*** Opening Data records ***

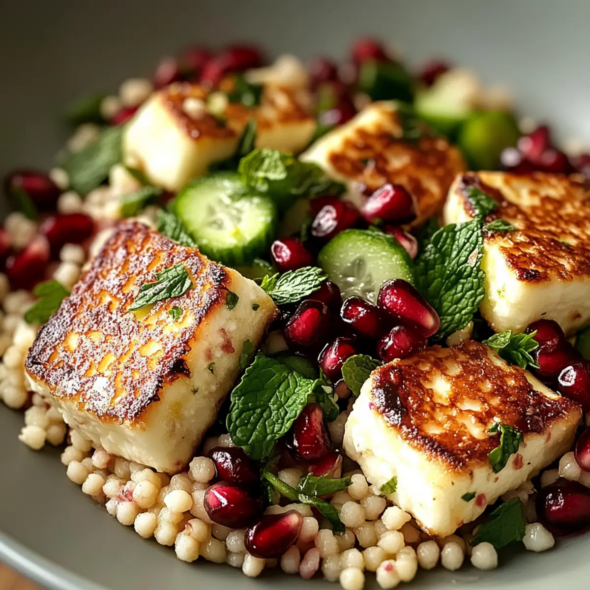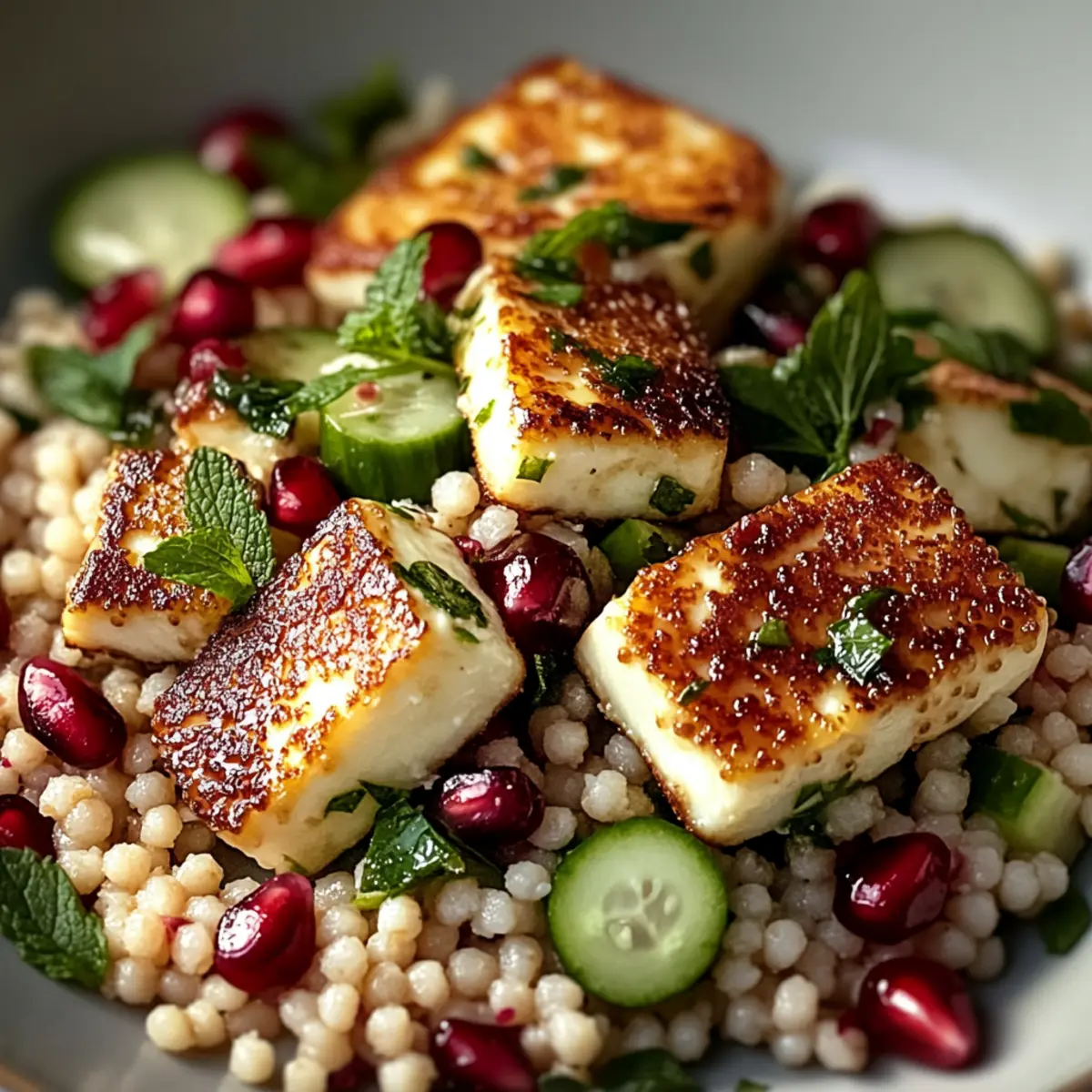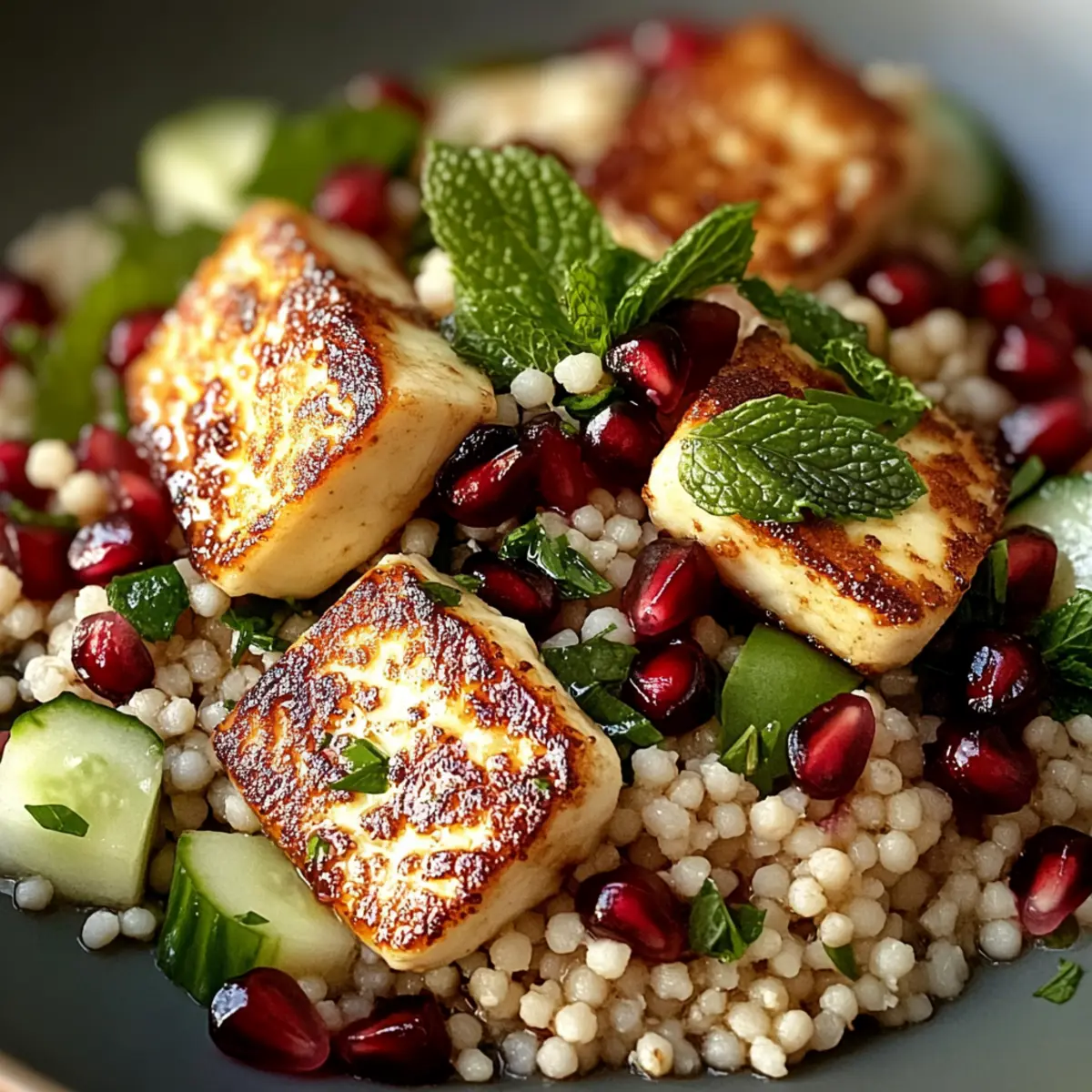 The vibrant colors of this Halloumi & Pomegranate Couscous Salad with Mint-Lemon Dressing dance on the plate, promising a little culinary adventure. As I tossed together crispy halloumi, jewel-like pomegranate seeds, and a zesty mint-lemon dressing, I felt an overwhelming sense of satisfaction. This recipe blends quick prep with unforgettable flavors – perfect whether you’re in a lunch rut or looking to impress at your next gathering. It’s not just a salad; it’s a canvas for personalization, inviting bursts of creativity that suit any palate. Want to delight your senses with something light yet fulfilling? Let’s dive into this Mediterranean-inspired dish that’s as delightful to make as it is to devour! Why is this salad a must-try? Bright, Vibrant Colors: The Halloumi & Pomegranate Couscous Salad is a feast for the eyes, making every bite as exciting as the first. Quick & Easy: With just 20 minutes of prep, it’s perfect for busy weekdays or last-minute gatherings. Flavor Explosion: Crispy halloumi complements the sweet-tart pops of pomegranate, creating a taste experience that’s both satisfying and refreshing. Customization Galore: Feel free to swap couscous for quinoa or add more veggies, ensuring every plate is unique. Enhance your meals with this salad alongside a delicious Chaffle Egg Cheese for added dimensions of flavor! Crowd-Pleaser: Whether it’s a light lunch or a festive side dish, it’s sure to impress everyone at the table, proving that salads can steal the spotlight. Elevate your culinary game today with this salad that’s as delightful to make as it is to share! Halloumi & Pomegranate Couscous Salad Ingredients For the Salad Couscous – A fluffy base that perfectly soaks up the dressing; swap it for quinoa to keep things gluten-free. Halloumi Cheese – Adds a crispy and salty element; be sure to choose vegetarian-friendly brands without animal rennet. Pomegranate Seeds – Provide juicy sweetness and vibrant color; can also be replaced with dried cranberries or halved fresh grapes. Cucumber – Offers a crunchy, refreshing texture; consider using bell peppers for a different crunch. Cherry Tomatoes – Introduce a juicy, slightly tart component; don’t substitute, as they’re essential for unique flavor. Fresh Mint – Enhances the dish with a fragrant and refreshing herb flavor; omit only if absolutely necessary. For the Dressing Lemon Juice – Brings zest and brightness to the salad; lime juice can serve as a great substitute. Olive Oil – A rich base for the dressing; opt for high-quality extra virgin oil for the best taste. Honey or Maple Syrup – Adds a hint of sweetness to balance the acidity; maple syrup is perfect for a vegan alternative. Salt & Pepper – Essential seasonings that elevate overall flavor; adjust to your taste preferences. Combine these delightful ingredients to create your Halloumi & Pomegranate Couscous Salad with Mint-Lemon Dressing that’s as full of life as it is of flavor! Step‑by‑Step Instructions for Halloumi & Pomegranate Couscous Salad with Mint-Lemon Dressing Step 1: Prepare Halloumi Heat a non-stick pan over medium heat for about 2 minutes. Slice the halloumi cheese into even pieces, placing them in the pan without oil. Cook for 2-3 minutes until golden brown and crispy on one side, then flip and repeat on the other side. Once both sides are beautifully browned, remove the halloumi from the heat and set aside to keep warm. Step 2: Cook Couscous In a large bowl, pour boiling water over the couscous, ensuring it’s fully submerged. Cover the bowl with a lid or plastic wrap and let it sit for 5-10 minutes. After this time, check the couscous; it should have absorbed all the water and be fluffy. Fluff up the couscous with a fork, ensuring it’s light and airy before moving on to the next step. Step 3: Make Dressing In a small bowl, whisk together the fresh lemon juice and olive oil until well combined, about 30 seconds. Add in honey or maple syrup, chopped mint, salt, and pepper to taste. Continue whisking until the dressing is emulsified and smooth, creating a bright mint-lemon dressing that will bring all the flavors of the Halloumi & Pomegranate Couscous Salad together beautifully. Step 4: Combine Ingredients In a large mixing bowl, combine the fluffy couscous, juicy pomegranate seeds, diced cucumber, and sweet cherry tomatoes. Drizzle the prepared mint-lemon dressing over the mixture, then gently toss everything together until the ingredients are evenly coated with the dressing. Take care not to break the pomegranate seeds as you mix. Step 5: Serve Transfer the colorful salad to a serving platter or bowls. Top generously with the warm, crispy slices of halloumi cheese, allowing them to melt slightly into the salad. This Halloumi & Pomegranate Couscous Salad can be enjoyed warm or chilled, making it a versatile dish ready to delight at any meal. Expert Tips for Halloumi & Pomegranate Couscous Salad Fresh Halloumi: For the best flavor, always use halloumi that’s freshly opened. It complements the salad’s texture beautifully, creating a delightful contrast with the fluffy couscous. Right Cooking Temperature: Ensure your pan is preheated before adding halloumi to achieve that golden crisp. A pan that’s too cold will make the halloumi chewy instead of crispy. Dressing Balance: Whisk the dressing until emulsified for a well-blended flavor. This ensures every bite of the Halloumi & Pomegranate Couscous Salad is perfectly seasoned. Ingredient Prep: Dice cucumbers and tomatoes uniformly to ensure even distribution throughout the salad. This not only enhances the presentation but also balances flavors in every forkful. Storage Tips: If making ahead, keep the dressing separate until just before serving to preserve the salad’s freshness and texture. It will still stay tasty for up to 3 days! Explore Customizations: Embrace the customizable nature of this salad! Think about adding roasted vegetables or grains 
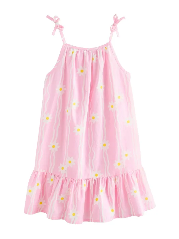 Design: Gevoerde zoom/rand, Keyholesluiting; Type sluiting: Knoopsluiting; Materiaal: Katoen; Halstype: Ronde hals; Motief: Bloemenprint; Soort bandjes: Spaghettibandjes; Details: Cut-outs, Volant, Gedrapeerd; Extra's: All-over patroon, Voelt zacht aan; Lengte: Knielengte; Snit: Uitlopend; Pasvorm: Losse pasvorm; Armlengte: Mouwloos
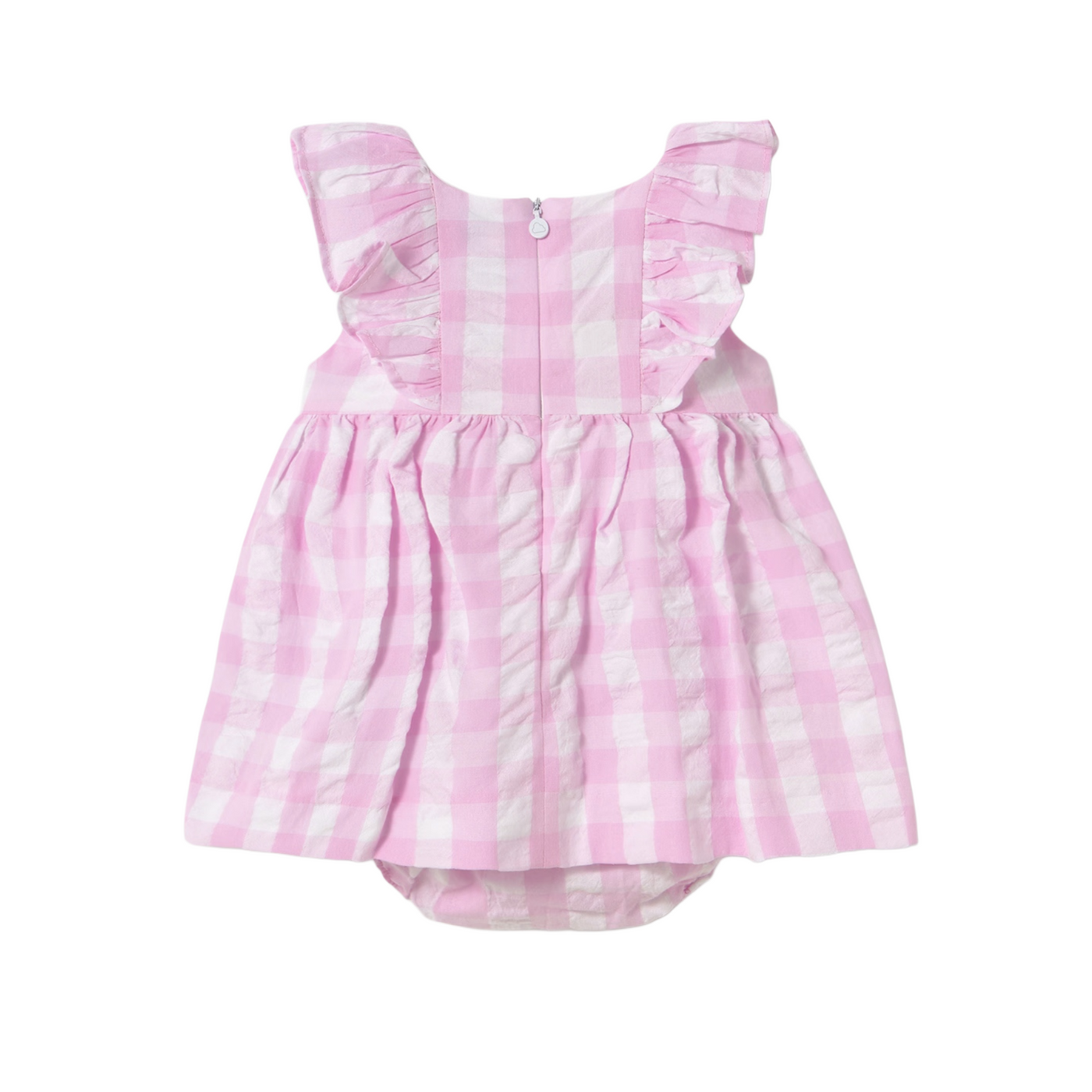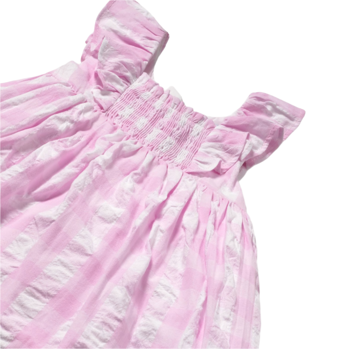 This adorable baby girl's pink and white gingham dress is the perfect addition to your little lovebug's spring wardrobe! Featuring charming flutter sleeves and delightful smocking detail in the front, this dress combines style and comfort effortlessly. The convenient zipper at the back makes dressing a breeze, while the matching bloomers complete the look for any occasion. Whether it's Easter brunch, family photos, or just a sunny day out, this sweet dress set is sure to make your little one shine!
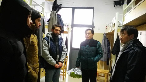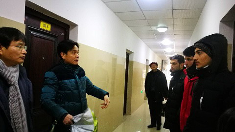 在留学生宿舍楼前,杨副校长叮嘱楼栋值班人员一定要在楼道出入口铺设防滑垫,以防意外发生。在留学生房间,杨副校长与留学生们亲切交谈,嘘寒问暖,了解他们寒假期间的生活和学习情况,叮嘱他们多穿衣服,注意防寒保暖,注意用电和外出安全。当了解到宿舍内近期热水供应不畅后,杨副校长与赶来的后勤管理处处长姜东升、水电管理中心主任李刚一起现场办公,拿出方案,解决了留学生宿舍热水供应问题。留学生们对冒雪来看望他们并帮助他们解决实际困难的学校领导和各部门的同志表示十分感谢。
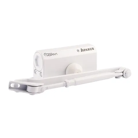 Доводчик с функцией фиксации двери в открытом положении для дверей весом 15 — 60 кг. Класс доводчика EN1-3. двухскоростной, с рычажной тягой, установочный размер 126х19 мм, габариты 142х57х37 мм, -45…+60 °С, цвет — белый.
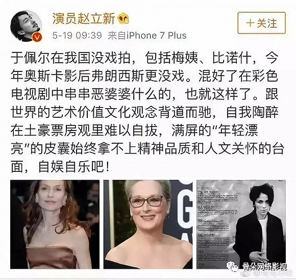 男演员赵立新曾经就此事在微博上公开发表言论,抨击这一行业现象。“于佩尔在我国没戏拍,包括梅姨、比诺什,今年奥斯卡影后弗兰西斯更没戏。混好了,在彩色电视剧中串串恶婆婆什么的,也就这样了。满屏’年轻漂亮’的皮囊始终拿不上精神品质和人文关怀的台面,自娱自乐吧!”
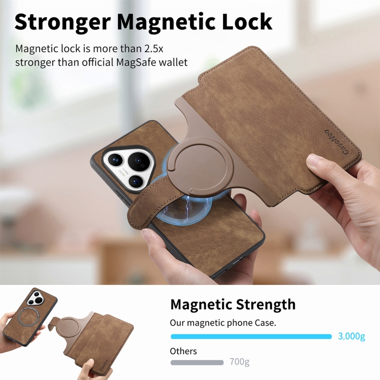 Funda de Cuero Caseneo Magsafe Rfid para Huawei Pura 70 Antirrobo (Marrón)
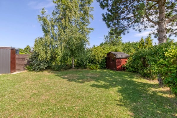 De berging is 1,00 bij 3,50 meter groot en is voorzien van elektra en verlichting. Het tuinhuis staat achter in de tuin en is 1,60 bij 1,95 meter groot.

*** Closing Data records ***

Task: The expected output is the lines above from the one containing "Доводчик с функцией" to the one containing "Funda de Cuero", both ends included, reproduced exactly with every picture left out.

Result below:
 Доводчик с функцией фиксации двери в открытом положении для дверей весом 15 — 60 кг. Класс доводчика EN1-3. двухскоростной, с рычажной тягой, установочный размер 126х19 мм, габариты 142х57х37 мм, -45…+60 °С, цвет — белый.
 男演员赵立新曾经就此事在微博上公开发表言论,抨击这一行业现象。“于佩尔在我国没戏拍,包括梅姨、比诺什,今年奥斯卡影后弗兰西斯更没戏。混好了,在彩色电视剧中串串恶婆婆什么的,也就这样了。满屏’年轻漂亮’的皮囊始终拿不上精神品质和人文关怀的台面,自娱自乐吧!”
 Funda de Cuero Caseneo Magsafe Rfid para Huawei Pura 70 Antirrobo (Marrón)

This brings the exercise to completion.